RRRRINNNNNNG. RRRRINNNNNG. Then there goes that damn phone again biting clumps of yar gut and spitting ‘em back at ya, horning out like some goddamn bugle of deserve as in, Buddy, ya best believe what’s coming’s got a pre-requisite. But all ya can think ‘bout is that fluff of corn exploding on yar windshield and ‘em spirals of tinctured yeller spinning arcs and sparks like whittled gold which’d Rama-Jammed yar foot down metal-to-the-peddle jarring up ‘em wheels of that rumbled muscle car dead-in-yar-tracks on a two lane highway in the middle of fucking nowhere and ya never really did like the middle of fucking nowhere ‘cause it’s where ya’s from and there were always that stink tagging along like a damned blanket suffocating tight and it weren’t the type nurses taught in hospitals and all of it due, this episode, this random splitting of a cornfield by a punching fat middle aged clown with paint leftover from a kid’s birthday plastered on his face were ‘cause ya’s hunting yar dad and there were an all over notion of not right tied up on both those ends, like, weren’t nothing warranting a clown getup this far out in the boonies that weren’t dipped and dripped in seedy and wrong, which were of right accord like the card carrying sentimentality ya had towards that particular family member in search of and the sure fired sealed and dealed agreement of both ‘em quandaries were flapping jacks in the form of that big fat ZERO that clown mouth were making and suppose it were sorta natural causations to why yar foot would go to knee jerk reaction of BURN BABY BURN and stomp that gas peddle full metal jacket down plowdriving Ronald McDonald there to clip-dent-to-shit on yar bumper and ya double-Dutch-shoving a body in your trunk and all this sermoned to the mount ‘cause in the foreground of NOW where that same monster’s parked, there’s a faded yeller paper flapping under yar windshield in the motherfucking breeze.

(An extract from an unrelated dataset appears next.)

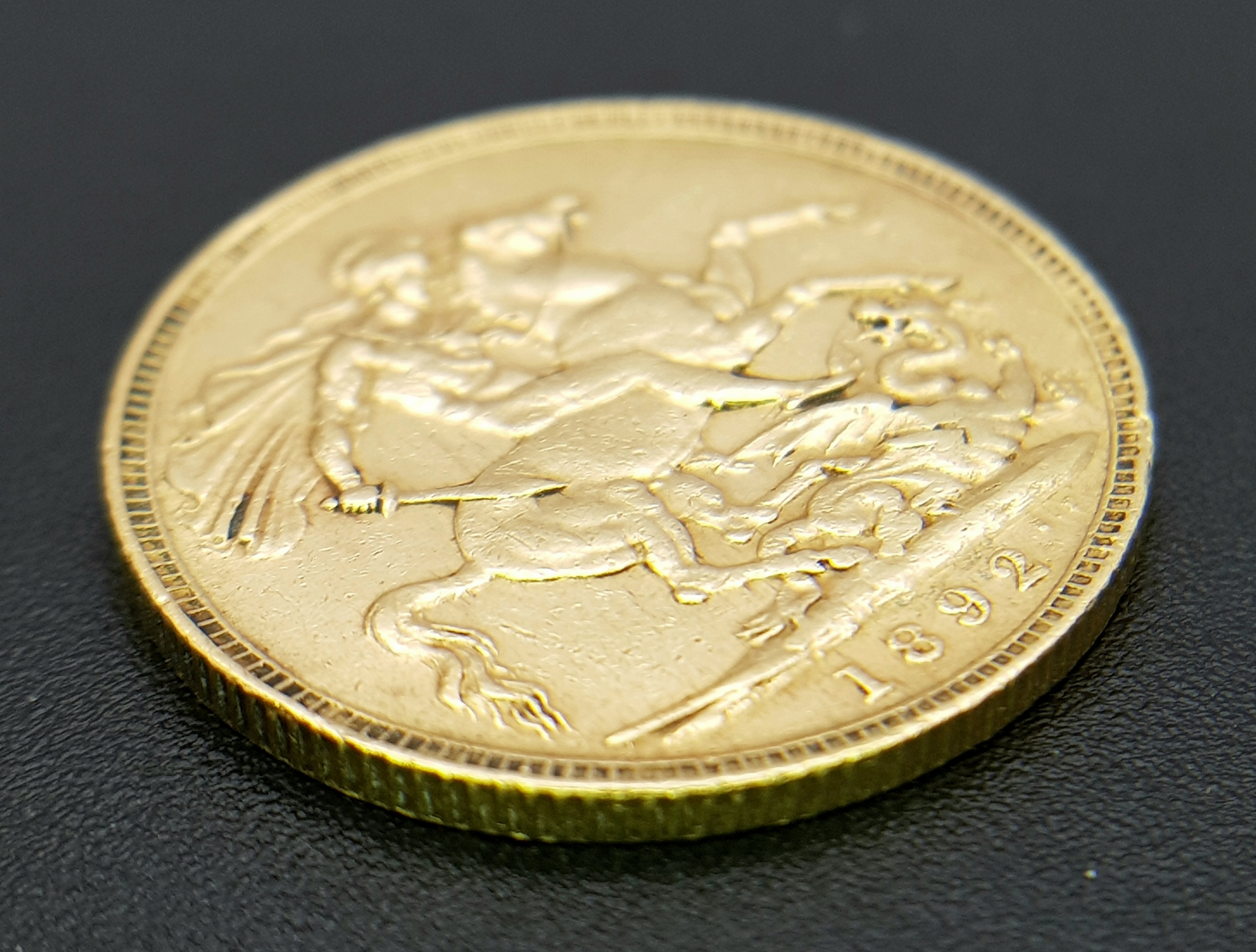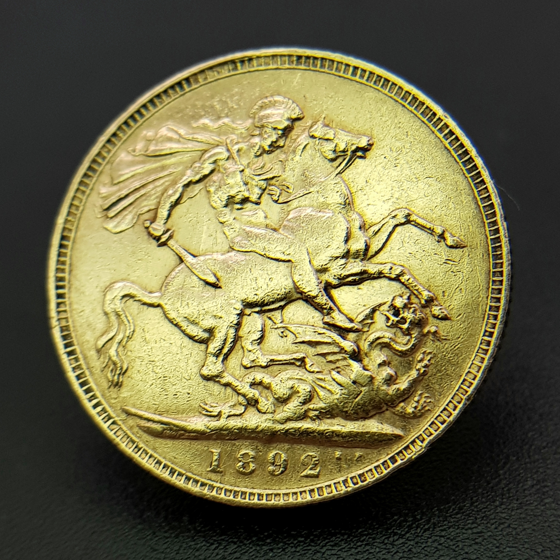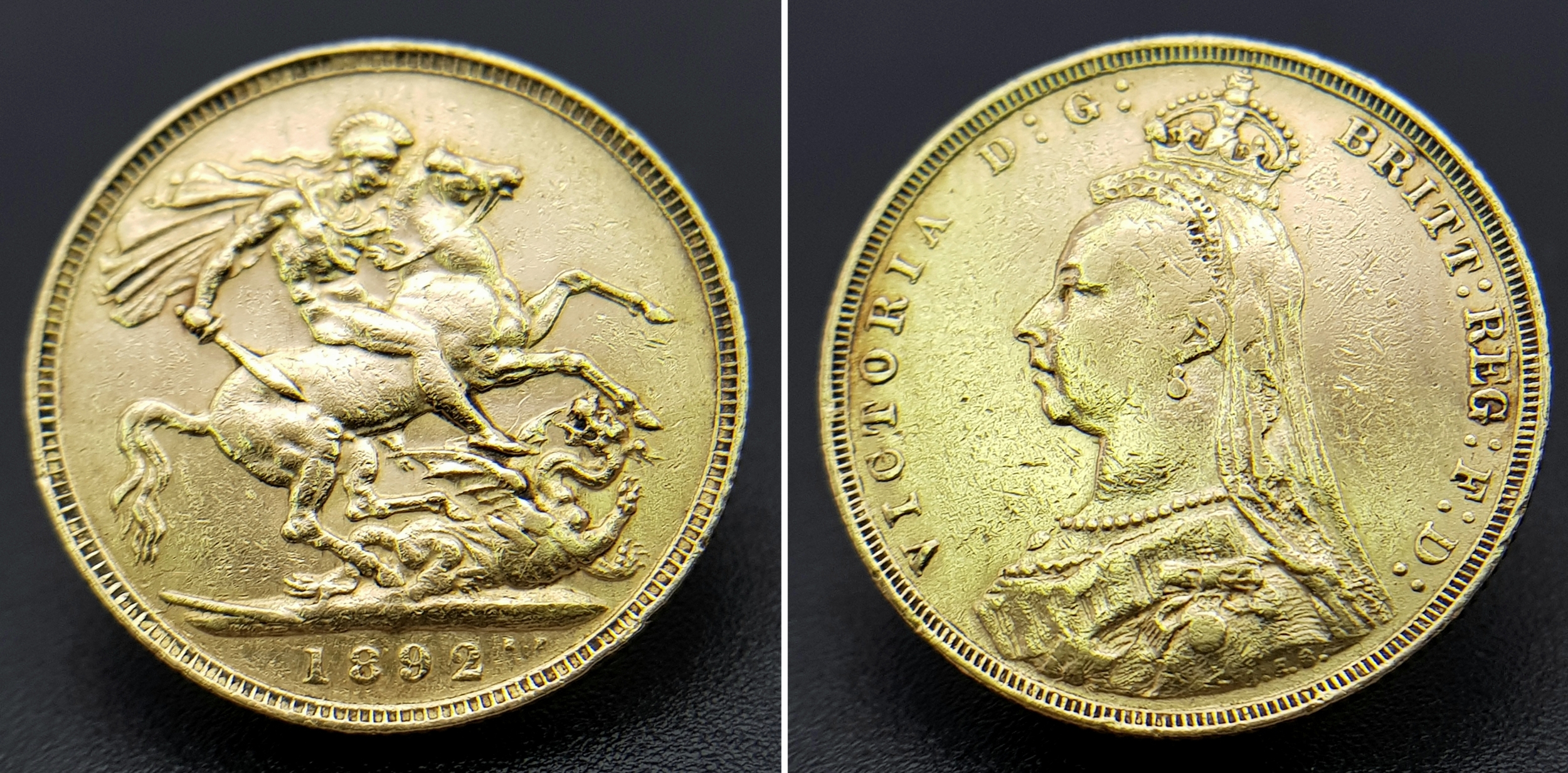 An 1892 Queen Victoria Full Sovereign 22K Gold Coin.

THAT oughta bring us ‘bout fair and square…Let’s get to that convo carrying out… Shall we…
In true slip-n-slide fashion and form, a wide variance the preferred measure of attack regarding these sorts of thangs however Mick standing with his feet spread further than his shoulders atop that motel roof weren’t rooted so much in tactical attunement and finesse as much as it were the desired absconsion of that bean pole visage that carried a 150-pound frame on a taller than should even when sopping wet. But ya had to give props for the try.
“Thought I’s gonna have to wait all morning up here sweating like a pig ‘fore ya grabbed that note.”

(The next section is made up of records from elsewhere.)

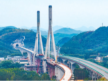 由广西交通投资集团投资建设的广西柳梧铁路盘龙柳江特大桥的钢箱梁吊装、斜拉索张拉等关键工序加快推进。盘龙柳江特大桥是柳梧铁路的控制性工程之一,全长三千七百多米。图为近日拍摄的该项目施工现场。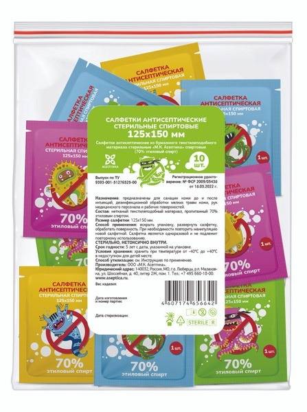 Sterile alcohol wipes for topical antimicrobial and sterilizing use. Ideal for prepping injection sites before subcutaneous and intramuscular injections, instrument disinfection, and surface cleaning. Manufactured to TU 9393-001-51276525-00.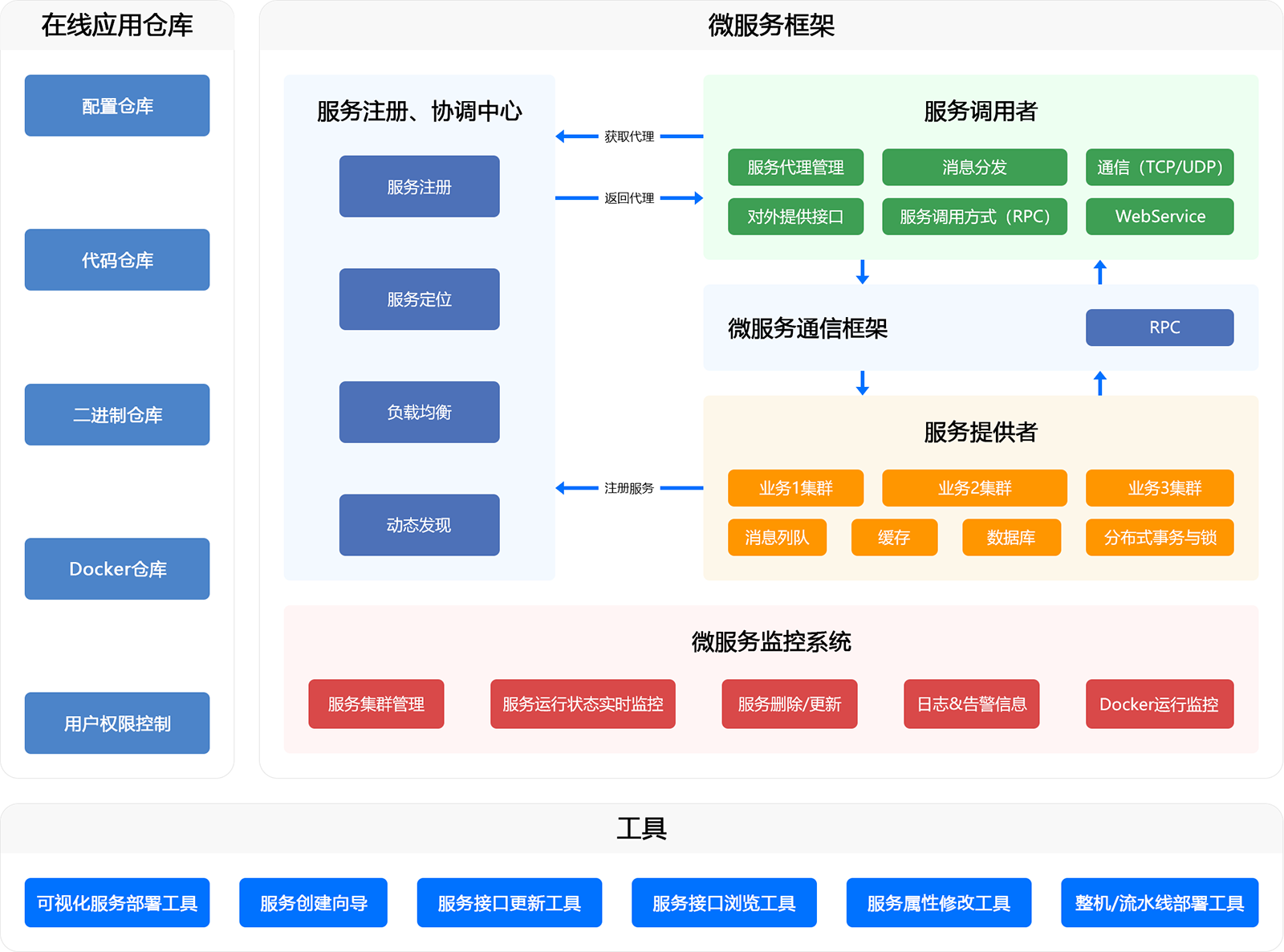 提供微服务运行支撑框架、高性能RPC通信框架、微服务监控系统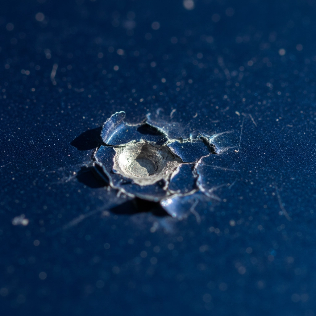Stone chips occur when road debris, gravel, or other projectiles strike your vehicle's surface at high velocity, penetrating through the paint layers to expose the underlying metal substrate. Unlike surface scratches that may only affect the clear coat, stone chips typically penetrate completely through all protective layers, creating direct pathways for moisture, oxygen, and road salt to reach vulnerable steel components.

“Hate I struck ya as slow, Mick.” A slight slurrying of slush detectible in the lower right side and a grateful sigh that the Wessen Gawd Almighty clutched in the left were beginning to assuage the worry of the bullet’s initial cumbersome placement
Turned up to him, marking a spot with a squint. “How long’s it been?”

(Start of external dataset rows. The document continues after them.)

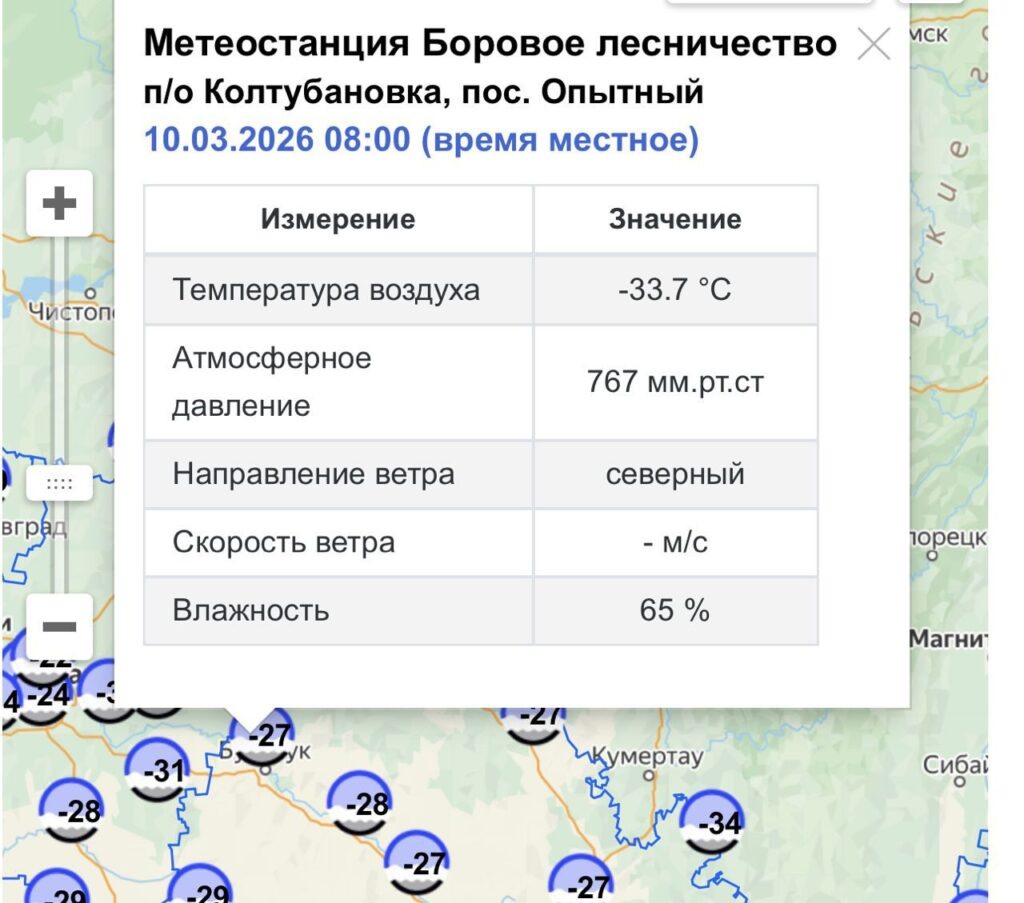 Термометр метеостанции в Боровом лесничестве утром, 10 марта, показал почти -34 градуса. Об этом сообщили в телеграм-канале национального парка. Видимо, зима решила дать финальный аккорд в Бузулукском бору, предположили госинспекторы. По прогнозами синоптиков, морозы начнут отступать уже завтра. Так что к выходным в нацпарке должна установиться вполне комфортная погода. Установится околонулевая температура. А в начале следующей недели солнышко разогреет воздух до + 4, +5 градусов. Фото: тгк «Бузулукский бор» 12+
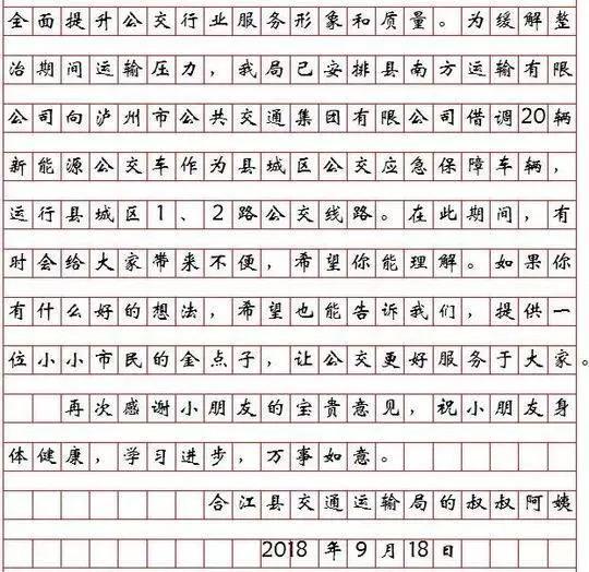 作文还得到了当地交通局的回应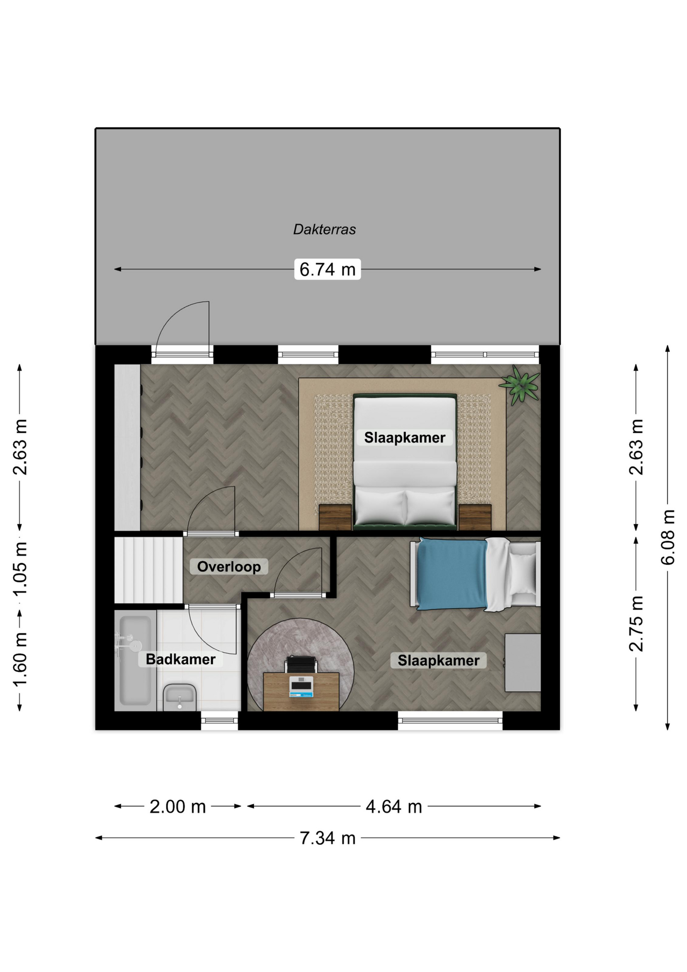 Via de grote slaapkamer bereikt men het royale dakterras met panoramisch uitzicht over de wijk.

Mick swatted out, “Two but that little affair didn’t really give us adequate time, so’s twelve for good measure,” as if it were a fact he’d chewed on ever’day since the last sighting. “That a clown I saw in yar trunk?”
“Sure enough is.”
“He tie the balloon wrong?”
Mick always were a man to draw things out. Fashioned hisself after a real life gun slinger. A version of one of ‘em tough guys born and bred on John Wayne and Clint. Caught hisself up in it. Living out this fantasy of somebody reared in the wrong time, in the wrong place. Wanted n
“Just sent a reminder down my spine’s all.”
Mick went for a scratch on his nose, the Ruger following suit, pinning that grain against the rugged glare of his sun tarnished skin. “Might like a story.”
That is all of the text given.